Suppose to have a $n \times n$ positive definite matrix $\boldsymbol{\Sigma}$ and let $ \boldsymbol{\Sigma}= \mathbf{B}\mathbf{B}^T$ where $\mathbf{B}$ is obtained with the Cholesky decomposition.
Let $\mathbf{S} = diag(s_1,s_2,\dots , s_n)$ be a diagonal matrix where each $s_i, i=1,\dots, n$ can assume only value $1$ or $-1$ and let $\mathcal{S}$ be the space of all possible values of $\mathbf{S}$.
Consider the matrix $\boldsymbol{\Sigma}_s = \mathbf{S} \boldsymbol{\Sigma} \mathbf{S} $ and its cholesky decomposition $\boldsymbol{\Sigma}_s= \mathbf{B}_s\mathbf{B}_s^T$.

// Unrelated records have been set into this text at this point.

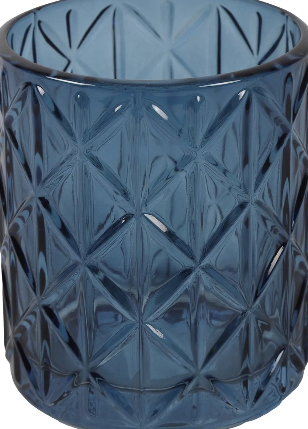 Wenn du mehrere Kerzenhalter aus der gleichen Serie zusammen aufstellst, entsteht beim Abbrennen der Kerzen ein farbenfrohes und verträumtes Gesamtbild. Dieses blaue Modell hat einen Durchmesser von 10 cm und eine Höhe von 12,5 cm.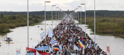 A más de un uruguayo que salió de viaje por el mundo le ha pasado que lo confundan por su acento con un argentino. “Por suerte no lo soy”, contestan algunos uruguayos. Otros les tienen más cariño a sus vecinos. Son pueblos hermanos, muy parecidos, pero también diferentes, ahora otra vez enfrentados por el impacto ambiental de una fábrica de pasta celulosa en la ciudad uruguaya de Fray Bentos, en el límite con la argentina Gualeguaychú. El Gobierno de Cristina Fernández de Kirchner, de excedencia por un coágulo en el cerebro, ha anunciado la semana pasada que recurriría al Tribunal Internacional de La Haya para evitar que la empresa finlandesa UPM aumente la producción de celulosa, mientras que vecinos de Gualeguaychú marcharon el domingo hasta la frontera con Uruguay para protestar contra el incremento autorizado por el presidente uruguayo, José Mujica.
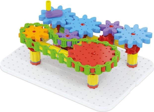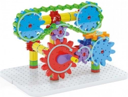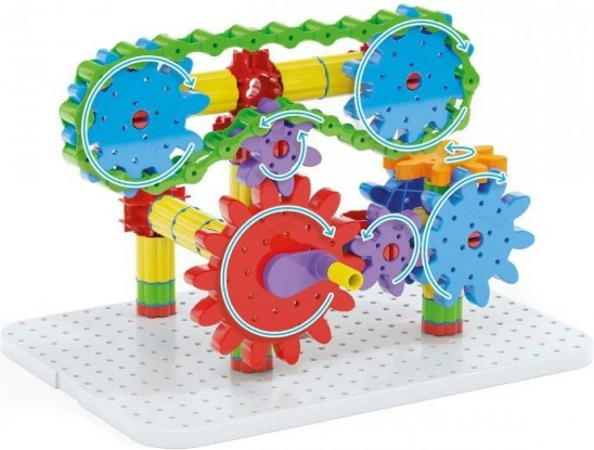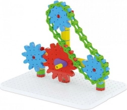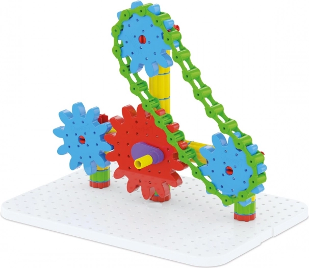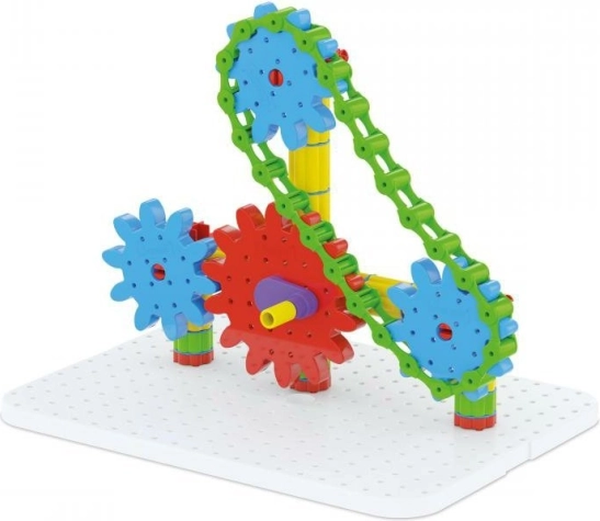Az építőkészlet tartós műanyagból készült, és 5 éves kortól ajánlott. Tartalmazza a fehér alaplemezt, különféle méretű fogaskerekeket, láncot és még sok mást, lehetővé téve a gyerekek számára, hogy felfedezzék a mechanikai mozgás új világát.

Let $\mathbf{1}_n$ be a vector of n 1s. I am wondering if there is a easy way to compute
$\sum_{\mathbf{S} \in \mathcal{S}}\mathbf{B}_s \mathbf{1}_n$
EDIT 1
I compute the sum for a m $\times$ m matrix, with m=1,2,3, and if we let $\mathbf{D}$ be the vector of the diagonal element of $\mathbf{B}$, then $\sum_{\mathbf{S} \in \mathcal{S}}\mathbf{B}_s \mathbf{1}_m = 2^m \mathbf{D}$.
EDIT 2
I forgot to say that $\boldsymbol{\Sigma}$ is a covariance matrix
I think i found the solution
We can write the matrix:
$\boldsymbol{\Sigma}_s = \mathbf{B}_s \mathbf{B}^t = \mathbf{S}\boldsymbol{\Sigma} \mathbf{S} = \mathbf{S}\mathbf{B}\mathbf{B}^t\mathbf{S}$
we can also write $\mathbf{S}\mathbf{B}\mathbf{B}^t\mathbf{S} = \mathbf{S}\mathbf{B}\mathbf{S}\mathbf{S}\mathbf{B}^t\mathbf{S} = \mathbf{B}_s \mathbf{B}^t$.
Then we have $\mathbf{B}_s = \mathbf{S}\mathbf{B}\mathbf{S}$. This is a valid Cholesky decomposition since $ \mathbf{S}\mathbf{B}\mathbf{S}$ is lower triangular and has all positive values in the diagonal.
Then $\sum_{\mathbf{S} \in \mathcal{S}} \mathbf{S}\mathbf{B}\mathbf{S} = 2^n diag(\mathbf{B}) $ (with diag() i mean a diagonal matrix with diagonal entries given by the diagonal of the argument) since each non diagonal elements of $\mathbf{S}\mathbf{B}\mathbf{S}$ is summed half the time with a positive sign and the other half with negative.
Is it true? can someone check if this is really the answer?